The stresses that stayed with people were the ones attached to decisions that already happened. Asha thinks about the 32% who weren't flagged. Felix lies awake about models he can't fully audit. Bianca found a six-month error. Aaron manages the gap between probabilistic truth and the certainty clients want to act on. The forward-looking technical challenges were manageable. The uncertainty about whether past work was right, and whether anyone would ever know if it wasn't, was the kind that persists.

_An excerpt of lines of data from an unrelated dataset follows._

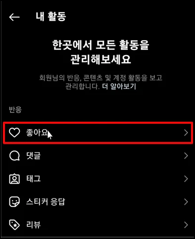 이 화면에서 좋아요, 댓글, 태그 등 모든 게시물을 한번에 조회할 수 있는데요 [좋아요]를 선택합니다.
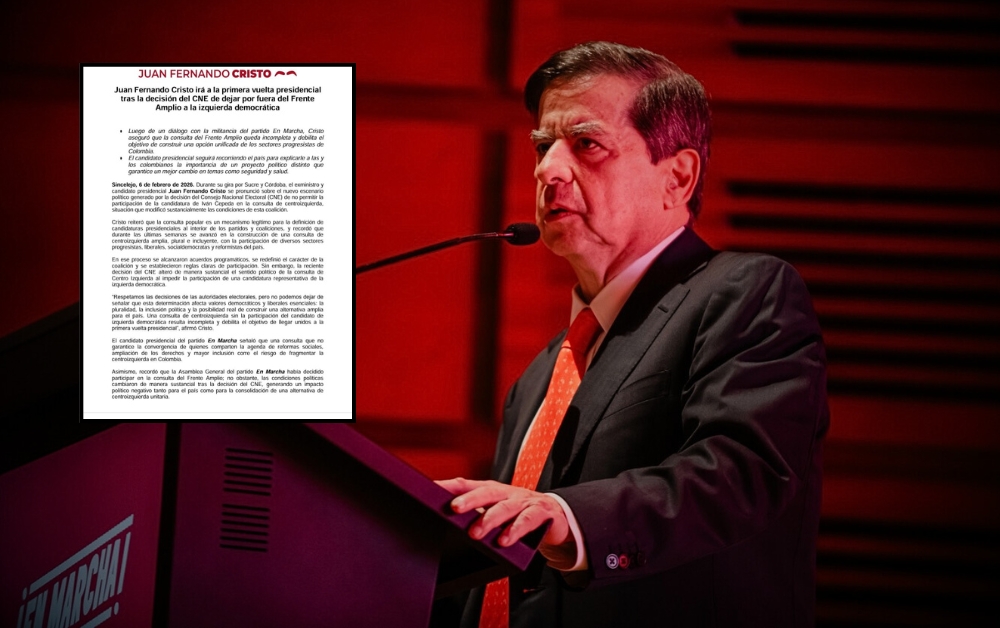 La contienda presidencial entra en una nueva fase luego de que el exministro Juan Fernando Cristo confirmara que no participará en la consulta del Frente Amplio y que continuará su aspiración presidencial de manera directa hacia la primera vuelta.
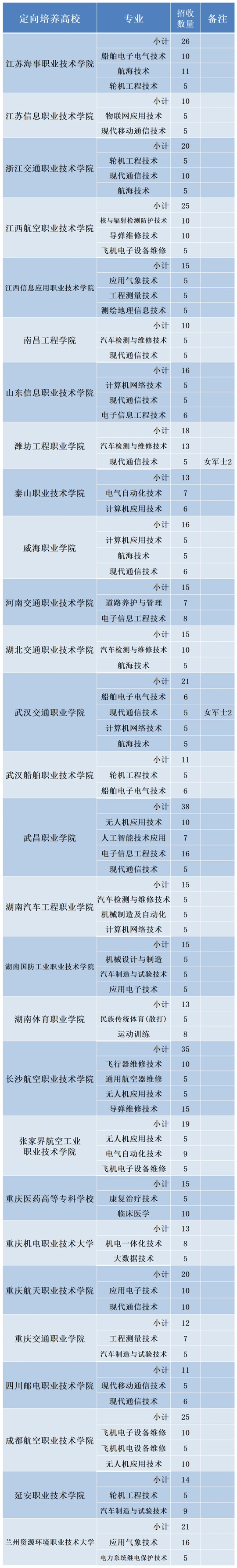 定向培養(yǎng)軍士招生錄取工作,納入普通高等學(xué)校招生全國統(tǒng)一考試實施,執(zhí)行專科提前批錄取政策。

Frequently Asked Questions

Is data science a stressful career?

It depends on context. Data scientists at companies where they're the sole analyst often report high stress from competing requests and the absence of peer review. At larger companies, model debt, stakeholder expectation management, and the weight of consequential decisions are more common stressors. The technical difficulty is rarely what experienced practitioners cite as the primary issue.

What burns data scientists out?

The most commonly cited driver is the translation layer: building something technically correct and watching it get ignored, misinterpreted, or overridden by a gut decision. A secondary driver is isolation. Being one of the few people in a company who can critically read a model output means you can't vent or validate with most colleagues. That isolation compounds over years.